Buena paga, estabilidad y esa cuadratura de felicidad que solo logras ver dos o tres veces en la vida. Tú serías su primera línea. Escribirías y leerías los informes antes de apretar el botón y enviarlo a la Gerencia de Protocolos. Grieve atraviesa la oficina, se detiene detrás de tu silla, no volteas, pero distingues su silueta oscurecida por el reflejo de la pantalla. Lee lo que escribes y se arquea. Su rostro de pájaro y esas orejas descomunales y casi siempre coloradas, el traje ceñido, sus tripas crepitantes antes del mediodía.
-Ve al quiosco y consígueme para hoy el último ejemplar de Julio Verne. Es de Expreso. No vayas a ser tan cojudo que te vean.
-Sí, señor-musitas sin ocultar tu temor.
Impecable, extrae su pañuelo del bolsillo del saco, seca su rostro pálido y lo tiende sobre su escritorio mientras atiende una llamada. Saltas como un resorte para cumplir una misión que, como todo, te la tomas muy en serio. Recorres las calles en trazos homogéneos para buscar un quiosco. Te preguntas qué has hecho mal. Quizás haber colocado una letra de más al informe de Henry Thomas, no es la primera vez que una letra o un punto te condena. Tu vida es un número faltante en una nota de pie de página, un acento mal puesto en una carta, un pequeño traspié tras un cúmulo de aciertos. Es la misma razón por la que corres tras un ejemplar de Verne sobre las veredas mojadas.

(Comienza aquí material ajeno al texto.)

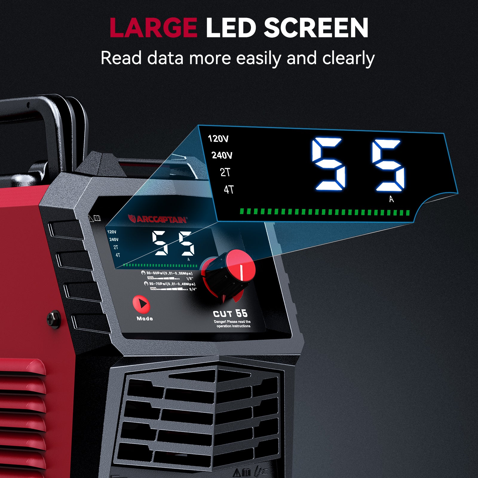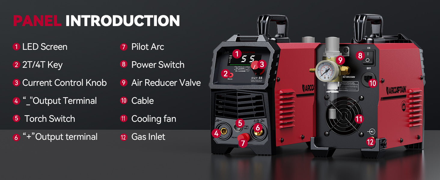 Arccaptain CUT55 Non-Touch Pilot Arc Plasma Cutter LED Display

Te colocas las gafas, que han cedido al peso de tus ojos. Preguntas por Verne en el local de Anselmo, eres un rastrojo de nervios. Sacude la cabeza sin prestarte importancia.

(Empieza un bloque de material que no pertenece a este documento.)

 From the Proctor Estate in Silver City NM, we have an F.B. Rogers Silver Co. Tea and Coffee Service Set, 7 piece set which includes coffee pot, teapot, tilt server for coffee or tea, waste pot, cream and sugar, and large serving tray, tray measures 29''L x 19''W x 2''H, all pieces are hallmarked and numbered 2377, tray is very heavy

Recorres la avenida Wilson buscando un quiosco y el ejemplar de Verne. Parece haber volado de los establecimientos, como si a cada libro se lo hubiera tragado la tierra.

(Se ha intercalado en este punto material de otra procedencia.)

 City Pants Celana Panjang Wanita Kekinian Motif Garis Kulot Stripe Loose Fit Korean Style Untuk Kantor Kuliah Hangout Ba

Un hombre no es naturalmente un asesino, llega su hora; aprietas las cejas y afilas los ojos mientras el viento golpea tu piel. Te aterran tus manos vacías y trémulas. Tomas una combi a San Isidro, te resoplan, silban, mascan flemas, las arrastran desde la garganta. Bajas en la Javier Prado y caminas lento por Basadre tanteando las moles blancas con ventanas de oficina.
El hombrecito macilento ya se había ido de la fila, distribuidora de ediciones especiales. Una mujer se abanicaba en el frío. Eras el último que desde las cuatro se había apiñado entre esa multitud solo para conseguir el último ejemplar de Verne. Como ellos, querías tocar alguna partícula de aire caliente desprendido de sus páginas en aquella atmósfera neblinosa de Lima.
-Ya no hay más ejemplares, se han agotado, señor.
-Se acabó Viaje al centro de la Tierra, ¿alguien lo quería?
Un hombre viejo se había llevado el último ejemplar. Marcha lento. Calculas cada uno de sus movimientos y trazas un esquema tentativo de su ruta. Gira sobre Prescott. El viento helado eriza la piel, pero ya has soportado más de dos horas quieto como una estaca sobre la calzada. Alargas tus dedos en el bolsillo para extraer las últimas monedas que te quedan. Revisas el contorno metálico de tu arma: un lapicero Cross de oro que consagra la memoria de aquella tarde en que tu madre te llevó a Miraflores, cumplías diez años; tasas el peso y la textura. Doscientos soles en su valor actual. Debes ejecutar el plan según las pautas, aun derrotando los delgados filones de aire que se cuelan por tus fosas taponeadas sin dejar espacio para la respiración.
El viejo asiente. El intercambio es desproporcionado. Eres el último penitente de la calle, un caminante hilando trayectorias diagonales, vuelves los ojos a aquel ejemplar sobre cuya tapa se podía leer en escarlata: Julio Verne.
Vuelves. Corres a trancos largos la vereda que comunica con la American Swiss, jadeas, el aire se adelgaza en tu garganta, te reclinas en un poste para inhalar el espeso humo del cigarro. Mariana cruza: “Grieve se acaba de ir a la resolana del sur, vuelve la próxima semana”. Tienes la respiración entrecortada por la humedad espesa y los resquicios de niebla en el paladar.